Novel Correctors and Potentiators Enhance Translational Readthrough in CFTR Nonsense Mutations.

Venkateshwar Mutyam¹, Jyoti Sharma¹, Yao Li¹, Ning Peng¹, Jianguo Chen¹, Li Ping Tang¹, Emily Falk Libby¹, Ashvani K Singh², Katja Conrath³, Steven M Rowe^1,4,5,6.

Abstract

Premature-termination codons (PTCs) in CFTR (cystic fibrosis [CF] transmembrane conductance regulator) result in nonfunctional CFTR protein and are the proximate cause of ∼11% of CF-causing alleles, for which no treatments exist.

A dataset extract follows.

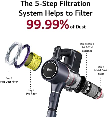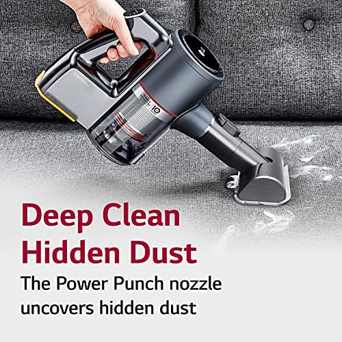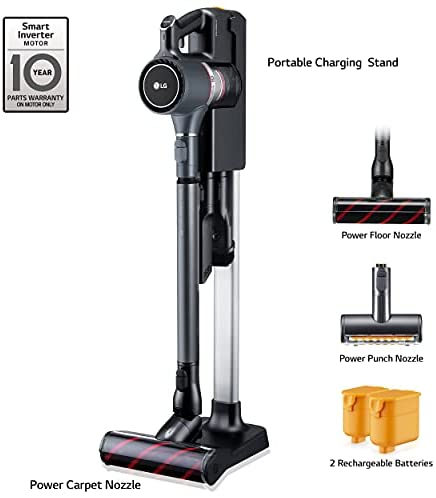 Control your clean with the LG Cord Zero A9 Stick Vacuum, thanks to two quick release batteries that deliver superior runtimes. The Power Punch Nozzle helps remove hidden dirt for deep cleaning, one touch control makes cleaning a breeze, and a portable charging stand lets you store and charge anywhere, anytime. Even maintenance is easy, with removable, washable filters and cyclone system. Noise: 84 dB.

The CFTR corrector lumacaftor and the potentiator ivacaftor improve CFTR function with terminal PTC mutations and enhance the effect of readthrough agents. Novel correctors GLPG2222 (corrector 1 [C1]), GLPG3221 (corrector 2 [C2]), and potentiator GLPG1837 compare favorably with lumacaftor and ivacaftor in vitro. Here, we evaluated the effect of correctors C1a and C2a (derivatives of C1 and C2) and GLPG1837 alone or in combination with the readthrough compound G418 on CFTR function using heterologous Fischer rat thyroid (FRT) cells, the genetically engineered human bronchial epithelial (HBE) 16HBE14o- cell lines, and primary human cells with PTC mutations. In FRT lines pretreated with G418, GLPG1837 elicited dose-dependent increases in CFTR activity that exceeded those from ivacaftor in FRT-W1282X and FRT-R1162X cells. A three-mechanism strategy consisting of G418, GLPG1837, and two correctors (C1a + C2a) yielded the greatest functional improvements in FRT and 16HBE14o- PTC variants, noting that correction and potentiation without readthrough was sufficient to stimulate CFTR activity for W1282X cells. GLPG1837 + C1a + C2a restored substantial function in G542X/F508del HBE cells and restored even more function for W1282X/F508del cells, largely because of the corrector/potentiator effect, with no additional benefit from G418. In G542X/R553X or R1162X/R1162X organoids, enhanced forskolin-induced swelling was observed with G418 + GLPG1837 + C1a + C2a, although GLPG1837 + C1a + C2a alone was sufficient to improve forskolin-induced swelling in W1282X/W1282X organoids. Combination of CFTR correctors, potentiators, and readthrough compounds augments the functional repair of CFTR nonsense mutations, indicating the potential for novel correctors and potentiators to restore function to truncated W1282X CFTR.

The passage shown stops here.